Bureaucracies though are a completely different beast. Better value? Happier customers? They care not a bit. You need different levers to (sloooowly) move them.
Exactly. You can't enter the market and provide better service for "government administration." You could offer a service to help a person, but the person still has to go through it all.
I think one common way is to get a high ranking bureaucrat to mandate the change. It is not a guarantee, but a good enabler. I suspect pride, shame (you still use paper receipts for this?), media or even bribes are used.

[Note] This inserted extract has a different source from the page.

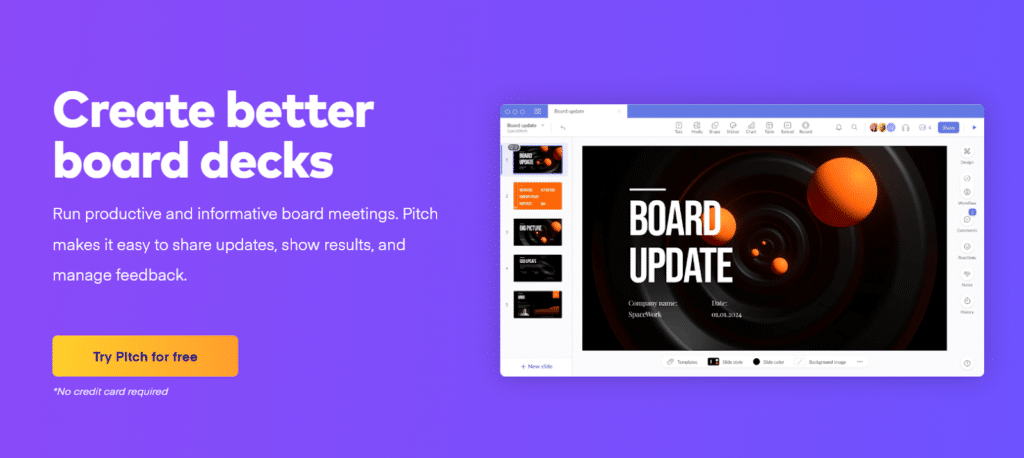 Pitch allows you to create board decks that effectively communicate your company’s performance, strategy, and vision. The platform’s robust security and privacy features protect sensitive information. At the same time, its analytics capabilities can help you gauge the board members’ engagement with your presentation, allowing you to fine-tune your approach for future meetings.

For examples, I would look at automating standard government functions (e.g., car registrations, toll collections, etc.). Putting those online leaves some clerks unemployed and is thus often resisted by default, so someone found a working path for each of those
I think competition among countries actually helps. Case in point: this visa program. They are trying to make it more streamlined and more attractive with a longer expiration. It is improvement in the right direction.
Absolutely not. The reason things are like described ( although it's not as bad today), is because many sectors are heavily regulated, and belong to a few actors abusing their monopolistic position. There's a reason the european union gave a 500millions fine to the french bank a decade ago ( but things didn't move a lot).
As an example, all the online banking start ups belong ( or were created as subsidiaries of) big banks. All of them.